Nowy Rok 2013 po świątecznych rarytasach i popuszczeniu pasa rozpoczął się wagą 86,5 kg. Maskara!!! Od 2 stycznia jestem na diecie ułożonej przez dietetyczkę, do której postanowiłam chodzić. Niestety pomimo tego, że dziś trzeci dzień i jeszcze wczoraj byłam na siłowni (co prawda tylko półgodzinki ale zawsze to coś) to waga ani drgnie. A żeby było mało to wczoraj wieczorem wynosiła 88 kg! Na szczęście dziś rano wróciła do stanu początkowego czyli 86,5 kg. Ale to i tak jest więcej niż to od czego zaczynałam w sierpniu. Nie potrafię się jakoś wziąć w garść, a przecież powinnam mieć motywację, do 16 stycznia muszę zgubić chociaż ze 3 kg.
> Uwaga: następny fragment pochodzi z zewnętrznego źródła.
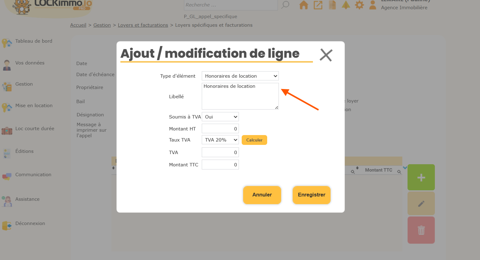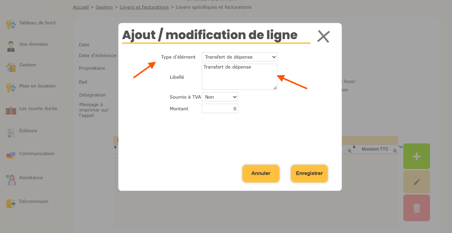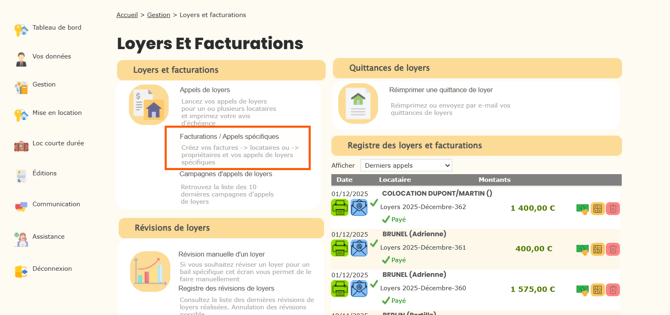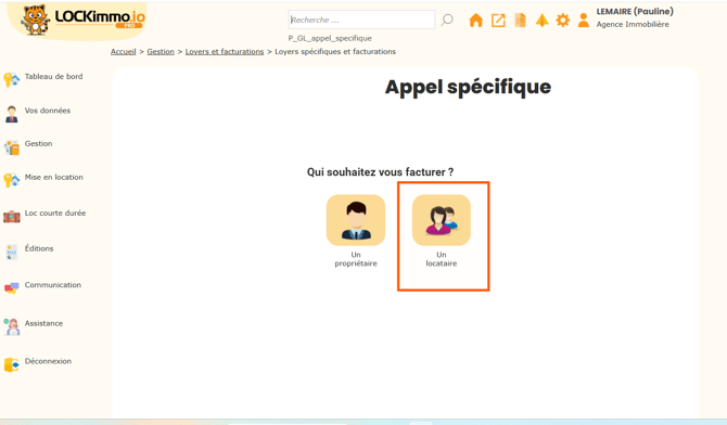 Rendez-vous dans :Gestion > Loyers et Facturations > Facturations / Appels spécifiques -

Dziś mam dzień warzywny (tak ułożyła mi to Pani dietetyk), dni warzywne mają na celu obkurczyć żołądek więc co trzeci dzień jem zupę ugotowaną tylko z mrożonki, piję sok pomidorowy i jem gotowaną fasolkę szparagową. Szkoda, że to nie wiosna albo lato bo wtedy do wyboru byłoby jeszcze trochę smacznych warzyw sezonowych, a pomidory o tej porze są wyjątkowo mało smaczne.
a więc co dziś?
8:00 kawka z mlekiem i pół porcji zupy cebulowej
10:30 kubeczek barszczyku czerwonego (niestety z torebki więc to pewnie nie wskazane) i butelka soku pomidorowego
13:00 pół porcji zupy cebulowej + kawka z mlekiem
15:30 fasolka szparagowa + kubeczek barszczyku czerwonego
18:00 zupa ogórkowa z torebki
soualmia
4 stycznia 2013, 21:23do sukces udzie się krok po kroku - raz pod górkę a raz z górki - i nie waż się tak często tylko nastaw się pozytywnie a na wagę wskakuj 1 w tygodniu ;)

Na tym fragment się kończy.